Title:Storage Library System
Moderator:COOKIE::REUTER
Created:Sun Oct 13 1991
Last Modified:Fri Jun 06 1997
Last Successful Update:Fri Jun 06 1997
Number of topics:2270
Total number of notes:7850

2250.0. "Fatal Bugcheck SSRVEXCEPT on SLS$SYSBAK 2.8A" by DECPRG::ZVONAR () Wed Apr 30 1997 05:58

Hello,

the Fatal Bugcheck SSRVEXCEPT crash occured on customer site on AS8400, OpenVMS 
6.2-1H3, SLS 2.8A. The current image is SLS$SYSBAK.

Please, if somebody has some tip what may I check, let me know.

The information about crash and SLS follows.

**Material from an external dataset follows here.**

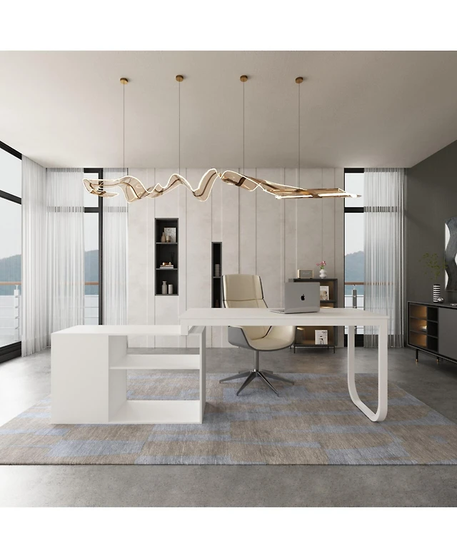 Famapy 55.1 in. L-Shaped Brown Wood Computer Desk Writing Office Executive W/Removable Tabletop, Shelves, 3-Drawers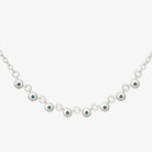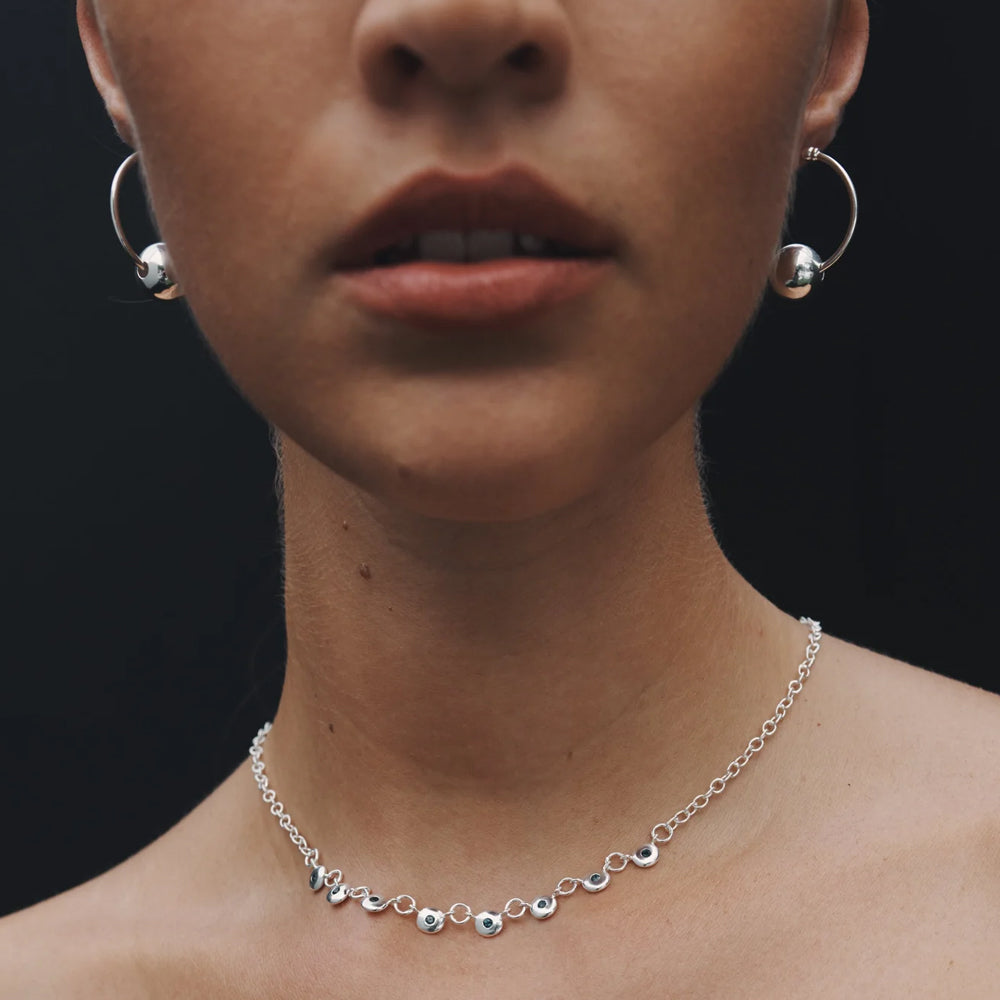 The Mavi Necklace features polished recycled sterling silver lentil discs, each set with blue topaz in a refined interpretation of the protective evil eye.

I have local copy of dump.

Thanks,
Karel,

Time of system crash: 23-APR-1997 00:11:06.16
CPU 02 reason for Bugcheck: SSRVEXCEPT, Unexpected system service exception
Process currently executing on this CPU: SYSBAK_10F8_1
Current image file: DSA2:[SLS$FILES.][SYSTEM]SLS$SYSBAK.EXE;1
Current IPL: 2  (decimal)

%SYSTEM-F-ACCVIO, access violation, reason mask=00, virtual address=00000068,
PC=80079BA8, PS=00000203

-----------------------------------------------------------------------------
        Image Identification Information

                image name: "SLS$SYSBAK"
                image file identification: "V2.8A"
                image file build identification: ""
                link date/time: 15-JAN-1997 17:04:38.08
                linker identification: "A11-14"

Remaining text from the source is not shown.